Neuchâtel doğumlu (9 Ağustos 1896 – 16 Eylül 1980) psikolog ve epistemolog Jean Piaget, dahi denilebilecek bir araştırmacıydı. İstiridye, ahtopot, salyangoz ve kalamar gibi yumuşakçalar üzerine yazdığı makaleler sayesinde Cenevre Doğa Tarihi Müzesi‘nde küratörlük teklifi aldı. Piaget, ilk önce liseyi bitirmesi gerektiğini düşünerek bu teklifi reddetti. İlk IQ testi olan Binet-Simon testini icat eden Alfred Binet‘nin yanında çocuklar için zeka testi geliştirdi. Bu testlere verilen yanlış cevapların sebebini, arkalarındaki sistemi çözmeye ilgi duymaya başladı. “Bebeklikten yetişkinliğe insan düşünmeyi nasıl öğrenir?” sorusunun peşine düştü. (Green& Piel, 2010)
Piaget ve Gelişimin Dört Faktörü

Jean Piaget’ye göre, düşünme sürecimiz biz dünyayı mantığa oturtmaya çalışırken radikal fakat yavaş bir şekilde gelişir. Bu gelişimin dört faktörü vardır: Biyolojik olgunlaşma, aktivite, toplumsal aktarım ve dengeleme.
Biyolojik olgunlaşmada öğretmen ve ailenin etkisi fazlasıyla sınırlıdır. Genetiğe bağlı olduğundan dolayı ailenin çocuğa doğru bir beslenme alışkanlığı edindirmesi ve gereken ilgiyi göstermesi dışında müdahele edebileceği çok bir alan yoktur. Doğuştan olan bu kalıtsal faktörler çocuğun her bir bilişsel evredeki edinimlerini artırır ya da kısıtlar. (Flavell, 1985)

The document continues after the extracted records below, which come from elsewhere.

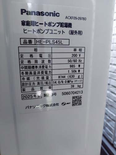 五所川原市唐笠柳 パナソニック家庭用ヒートポンプ給湯機 ヒートポンプユニットHE-PLS45L エコキュート交換工事
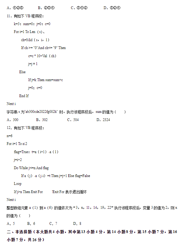 2022浙江高考技术试卷真题及答案解析(浙江卷)
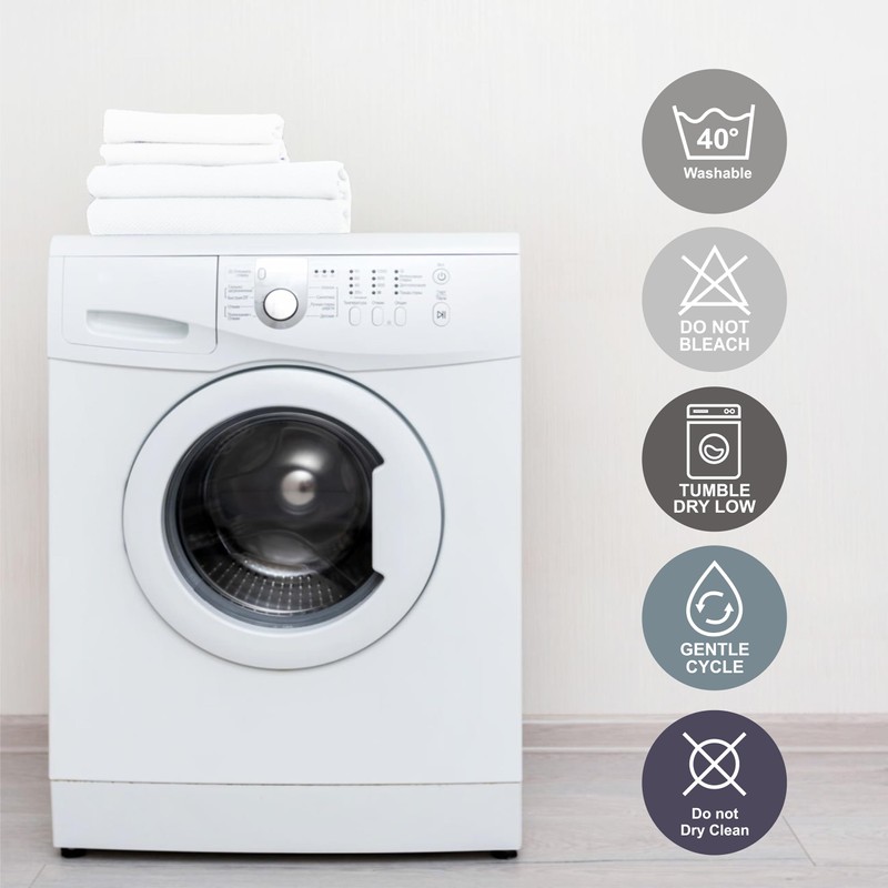 - Washing: This care instruction advises that the fitted sheet is suitable for machine washing, simplifying its maintenance. However, it highlights the importance of separating dark-coloured items during washing to prevent potential colour transfer onto lighter fabrics. You cannot bleach this fitted sheet.
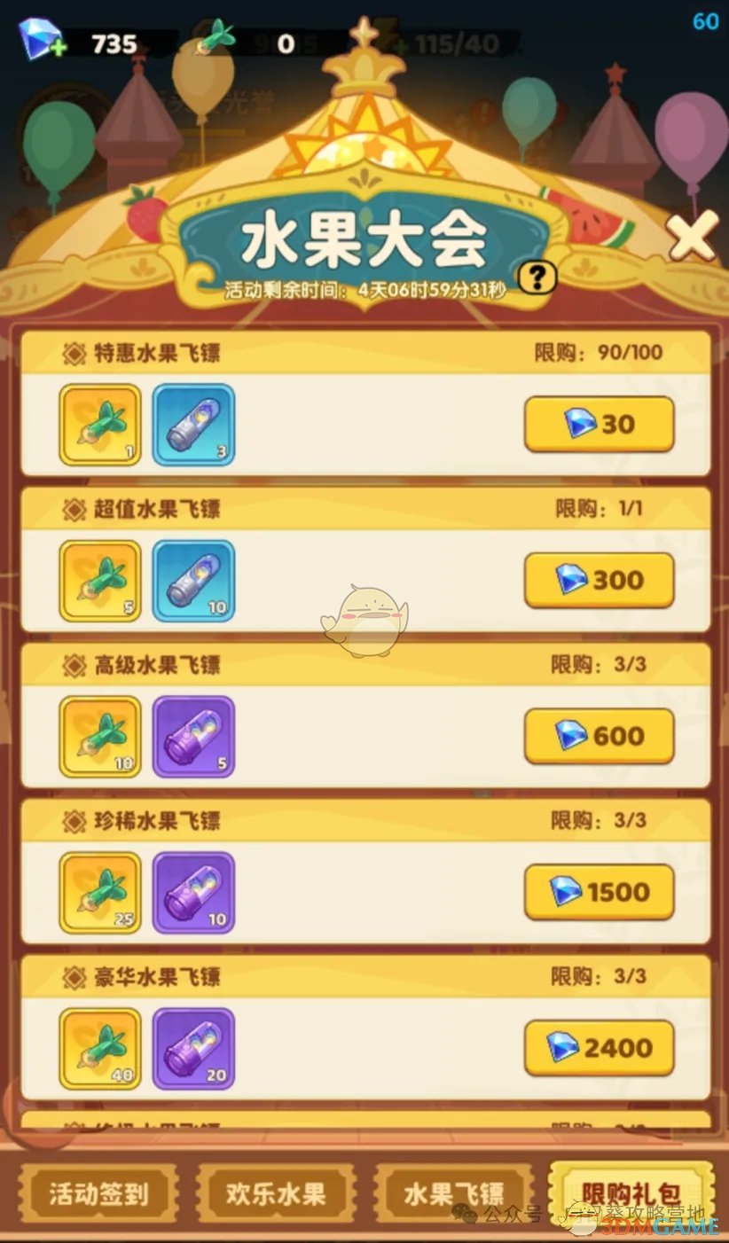 每天登录获得飞镖,尽量每天上线白嫖签到飞镖,飞镖可以获取水果积分以及奖励,积分也比较好
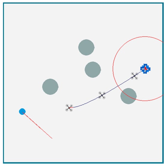 The simplified SAR scenario of the UAV is represented by a two-dimensional rectangular area with a length of and a width of , where our UAV is represented by a dark blue UAV icon, and the target waiting to be rescued is represented by a blue circular icon. The green lines located at the boundary of the square area represent the barriers of the area. There are dark green circular areas with a radius of , representing obstacles or danger zones. The UAV is equipped with sensors to observe the velocity and direction of approaching objects, whose sensing range is indicated by a red circle in Figure 2.
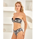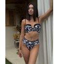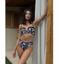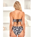 Sutienul este tip bandeau, cu bretele detașabile, cu un decolteu adânc și detalii subtil încrucișate în față pentru un plus de farmec și stil. La spate, sutienul are sistem de prindere reglabil cu șnur, asigurând o potrivire perfectă, adaptată diverselor siluete. Slipul are o croială clasică, confortabilă, cu talie medie și același imprimeu grafic alb-negru ce completează armonios întregul ansamblu. Materialul este plăcut la atingere, rapid uscabil și oferă susținere optimă.

Aktivite çocuğun çevre ile etkileşime girmesi, deneyimleyerek öğrenmesidir. Basit fizik kurallarını bu şekilde öğrenir. Tahterevalliye binmek, bardağa su doldurmak, sıcağa dokunmamak gibi eylemler örnek olarak verilebilir.
Toplumsal aktarım çocuğun insanlarla bağ kurmasıyla, onlardan öğrenmesiyle gerçekleşir. Eğer toplumsal aktarım olmasaydı bütün bilgileri kendi başımıza en baştan öğrenmemiz gerekirdi ve bu fazlaca zaman alacağından yavaş bir gelişim gerçekleşirdi. Toplumsal aktarım sayesinde çocuk içinde yaşadığı toplumun kurallarını ve yargılarını öğrenir.

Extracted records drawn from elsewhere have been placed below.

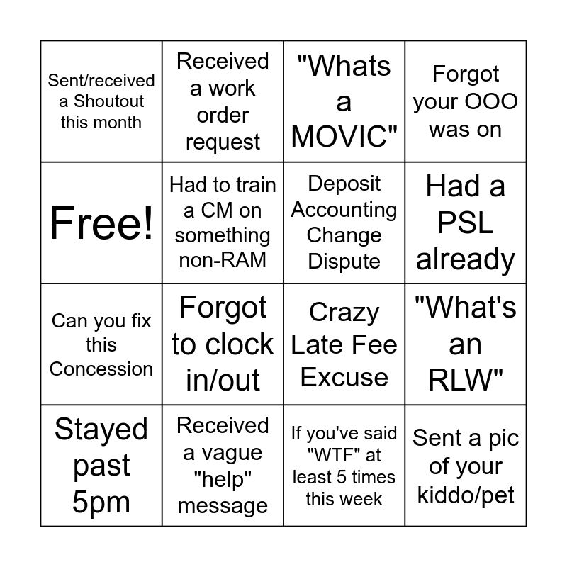 This bingo card has 16 words: Received a vague "help" message, "What's an RLW", "Whats a MOVIC", Sent/received a Shoutout this month, Can you fix this Concession, Received a work order request, Crazy Late Fee Excuse, If you've said "WTF" at least 5 times this week, Free!, Had to train a CM on something non-RAM, Stayed past 5pm, Forgot your OOO was on, Forgot to clock in/out, Had a PSL already, Deposit Accounting Change Dispute and Sent a pic of your kiddo/pet.
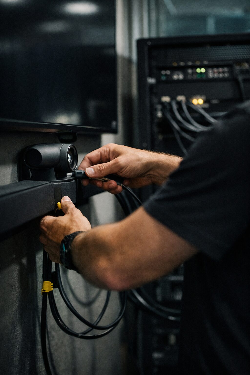Realizujemy stałe instalacje AV i techniczne w salach konferencyjnych, biurach i obiektach, dbając o jakość, porządek i niezawodne działanie systemów.
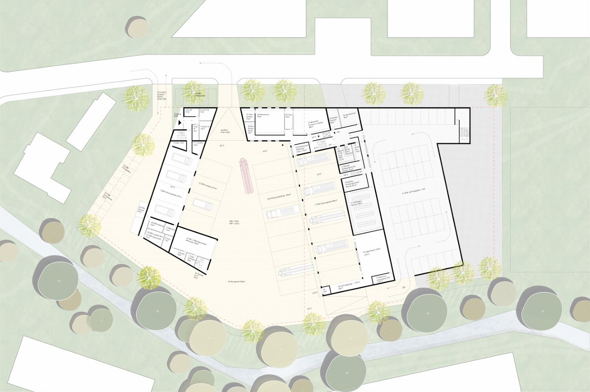 Durch die Schichtung der Nutzungseinheiten können für die jeweiligen Bereiche großzügige Freiflächen geschaffen werden. Lager und Werkstatträume sind ebenengleich mit den Fahrzeughallen angeordnet.
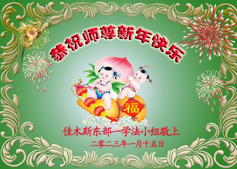 恭祝师父过年好! 新年到,放鞭炮。 祝师尊,欣欢笑。 感师恩,谢师恩。 正法路,向前奔。 学好法,正念强。 多救人,报师恩。 初一早,拜师尊。 祝师父,过年好! 佳木斯东部一学法小组给师父拜年! 黑龙江省佳木斯大法弟子恭祝师尊过年好!
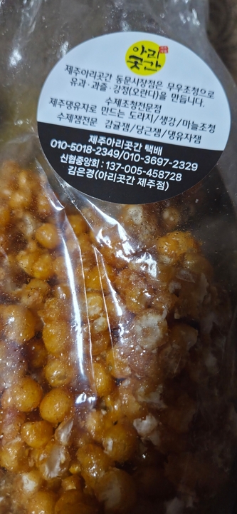 제주 아라곳간 오란다. 무우조청으로 만들었다는 오란다. 딸내미가 여행가서 사왔어요. 요거 딱딱하지 않고 부드러워서 맛납니다.
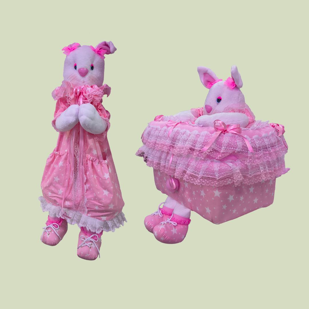 Combo de 2 piezas que consta de un cajón para guardar cosas con forma de coneja que se puede poner sobre mesitas para que quede sentado o en el piso y pañalera colgable.
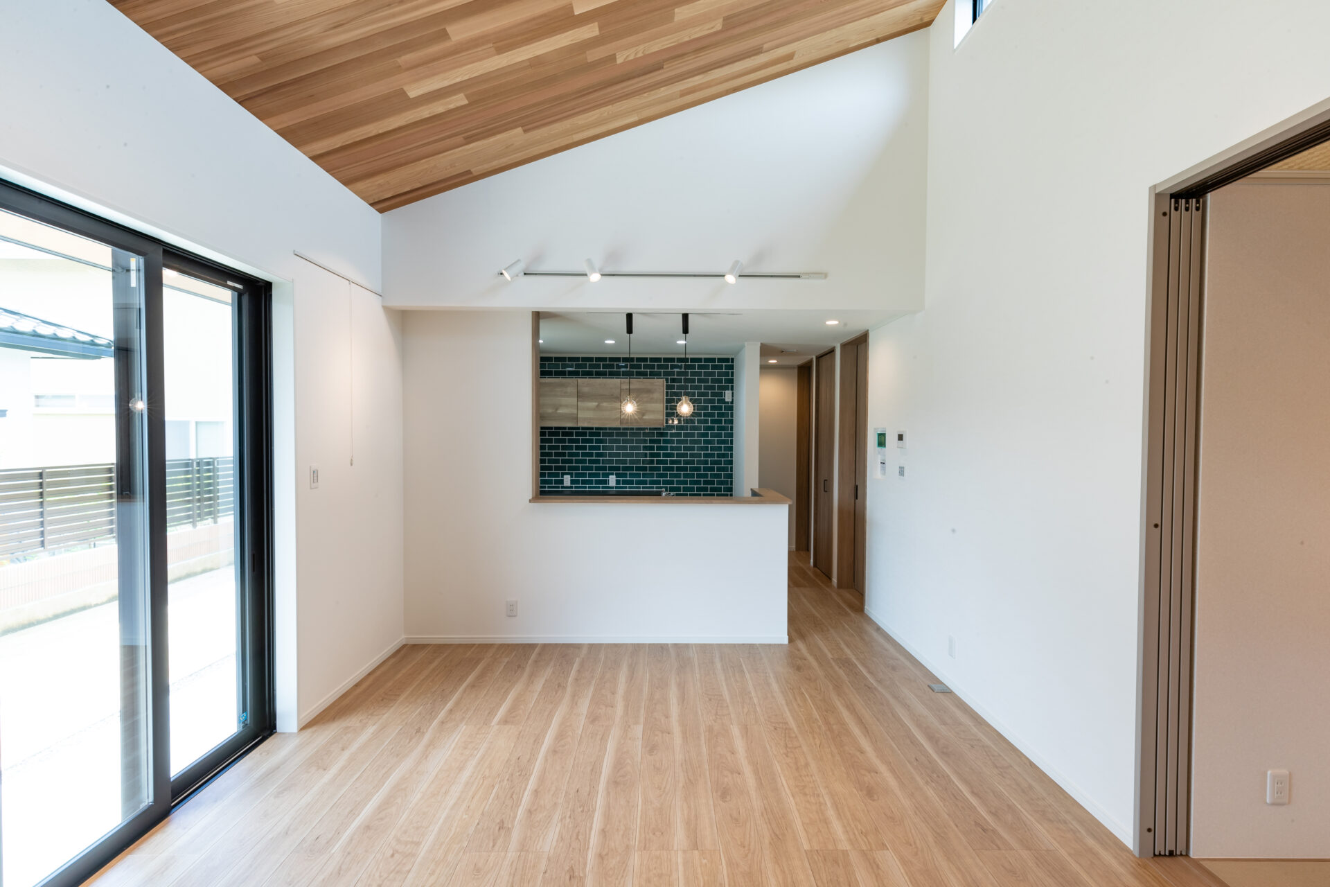 板張りの勾配天井と採光窓で、明るいリビングになっています。

Dengeleme sürekli olarak düşünlerin gerçekliğe uygunluğunu ve işe yararlılığını test etmeyi açıklar. Çocuk var olan bir bilgi sayesinde bir eylemde başarılı olur, doğru tahmin eder ve bilginin geçerliliğini görürse ortada denge vardır. Eğer var olan bilgi sorunsuz şekilde kendini sürdüremiyor, gerçeklikle ya da diğer insanlarla çatışma yaratıyorsa ortada dengesizlik vardır ve bu dengesizlik çocuğun bilgilerini gözden geçirmesini, modifiye etmesini ve yeni bilgi edinmesini sağlar. Bu dengesizliğin optimal bir seviyede olması gerekir; az olursa çocuk değişime gerek duymayabilir, fazla olursa streslenip cesareti kırılmış hissedebilir.
Öğrenmede İki Eğilim

Piaget, çocukların bilgiyi edinirken organizasyon ve adaptasyon olmak üzere iki eğilim gösterdiğini ifade eder. Bu görüşe göre, basit yapılar daha komplike ve efektif yapılara dönüştürülmek üzere organize edilir. Örneğin; bir bebek önündeki objeye ya bakar ya da tutar. Bir objeye bakmak, uzanmak ve tutmak ise sonradan organize edilmiş daha komplike bir yapıdır. Piaget bu yapılara “şema” adını koyar. Şemalar basit ya da daha karmaşık birçok eylemi kapsar. Pipetle içeceği çekmek, gülü diğer çiçeklerden ayırt edebilmek, bisiklet sürmek ve kürkü olan hayvanlara ayı demek şemalara örnektir. Bu şemalar her durumda aynı şekilde uygulanamayacağından ve gerçeğe uygun olmayacağından, daha önce bahsedilen dengesizlik durumu sayesinde çocuk şemayı geliştirecektir. Örneğin her kürkü olan hayvanın ayı olmadığını öğrenecek, bu şekilde şemayı genel olmaktan çıkarıp daha sınırlı bir bilgiye dönüştürecektir.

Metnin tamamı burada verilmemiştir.